Tuesday, August 09, 2005

Holmes and Lange

Well, it’s happened, just as all of us tall-poppy-chopper-downers expected: Mr Paul Holmes has had his show dumped on Prime television. Oh, dear, and it only cost Prime $3 million to woo him from his old slot on TVNZ. They’re making lots of noises about keeping him on and doing lots of interesting things with him (‘a one-hour special on August 30 featuring Prime Minister Helen Clark and Opposition leader Don Brash’ – that sounds like a load of laughs - see my last post) but I think the day Paul left TVNZ the die was cast.

The peculiar charisma he supposedly had on TVNZ must have had something to do with TVNZ itself. It certainly hasn’t translated over onto Prime. But what on earth did Holmes have? He was an embarrassment to watch, always outclassed by anyone with any degree of dignity, celebrity or nonce, and his flutter-stutter approach when speaking to the camera was like some ancient actress playing a ‘dear old maiden aunt’ in some long-forgotten play in a repertory company touring the provinces.

With all the money he’d made over the years, he should have retired and enjoyed himself and left the pressure of television behind.

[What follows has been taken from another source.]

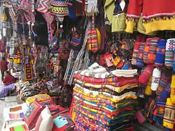 - 🌍 Ayni Bolivia (Fair Trade handicrafts), Av. Illampu 704 (one block from witches market), ☏ +591 2 279 2395, ayni@aynibolivia.com. M-F 08:00-20:30, Sa 10:00-18:30. Fair trade store member of World Fair Trade Organization (WFTO), has 26 different groups, with a wide variety of handicrafts (alpaca, wood, ceramics, native textiles, table cloth, greeting cards). One store is located inside Hotel Rosario and other at the street. US$2-50.

Sadly, he didn’t seem to be able to do it.

And then in the paper this morning we have more lack of dignity: our former Prime Minister, David Lange, who has always been regarded as a notable ‘wit’ by everyone (except me, apparently), has published his autobiography and filled it with venom and spleen. And precious little of his famous wit, if we are to believe the reports in the papers. Even the title – My Life - shows a considerable lack of originality, let alone humour, least of all wit. Couldn’t he have called it, In Weightier Times? Or, Rogering Roger? Or, perhaps, Will There Be Anyone At My Funeral?

Not after they’ve read this book, it seems.

Michael Bassett, a former Health Minister, who gets slam-dunked in the book, noted:
"I can't think of anybody who has done more destruction to their own reputation than David has done with, by the look of it, that book."

Enough said.

David Farrar mentions Lange's wit on his blog, but his examples don't strike me as being remarkable. Obviously you had to be there. Tom Scott gives some better examples in an interview that appeared in The Listener back in 2004. Perhaps Lange's wit shone out in vivid contrast to the general lack of it in Parliamentary circles - I mean, when did the current Prime Minister last crack a joke, spontaneously, that made us fall about laughing?